Fidelity was a consistent producer of event covers during the war. |
This cover was produced
by U.S. Army Capt. Frank L. Teixeira,
who designed and published 34 patriotic covers during the war. This is
a typical Teixeira cover with his corner card, his signature as censor,
and an APO 1 postmark over his free frank. |
Like the Teixeira cover,
this cover is postmarked February
12, 1945, the day after the conference concluded and the world press
was given details of the meeting. This cover was postmarked in
Roosevelt, New York. The cachet maker is unconfirmed; some sources
credit Smart Craft as the producer. As a reminder of a different era,
note that each Allied leader is depicted with his tobacco product of
choice--FDR with a cigarette, Churchill with his trademark cigar, and
Stalin with a pipe. Imagine seeing that today! |
As mentioned above, one
of the more tangible results of the
Yalta conference was the agreement to establish the United Nations.

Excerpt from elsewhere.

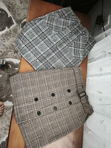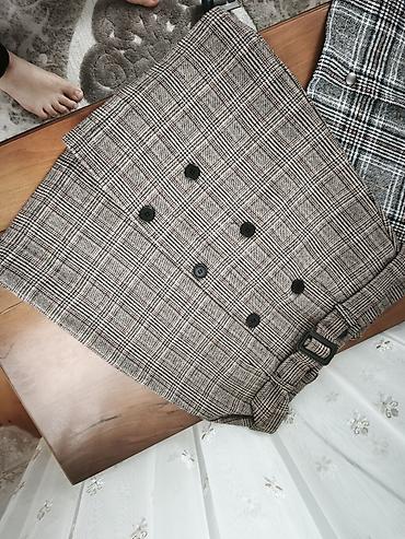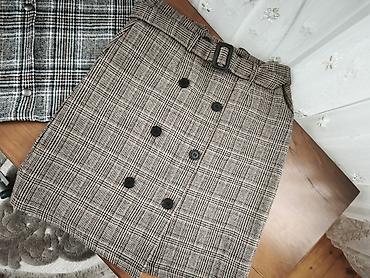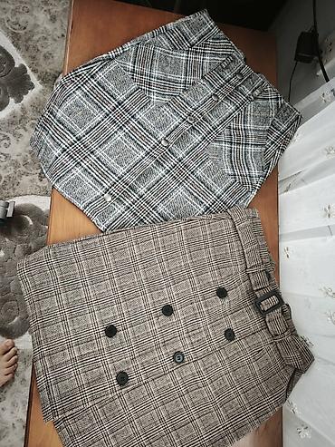 Cins ətək – 2 model bir arada - Material: klassik mavi denim (pambıq əsaslı), azacıq elastiklik. - Kəsimlər: 1) Mini cins ətək – 5 ciblə (2 ön, 2 arxa, 1 sikkə cibi), bel kəməri üçün ilgəklər, d...

That meeting began April 25, 1945 in San Francisco, and the U.S. issued
a stamp that day to mark the occasion. In the wake of Roosevelt's death
on April 12, the stamp was hastily revised to add his name, becoming a
quasi-memorial issue. This cover, a second-day cover postmarked in
Washington, features an Art Craft cachet with a photo of the Big Three
at
Yalta. Using a photo in a cachet was a significant departure for Art
Craft; most Art Craft cachets then and now are original works of art. |
This first day cover for
the 1974 British Churchill Centenary
stamps was produced by Colorano, with a "silk" cachet of the Big Three
at Yalta. |
This is an amusing
cover, produced by the International Stamp
Collectors Society for the 100th anniversary of Churchill's birth. Note
that WSC and FDR have been lifted out of a Yalta conference photograph
and deposited into some kind of garden. Bad guy Stalin was left behind.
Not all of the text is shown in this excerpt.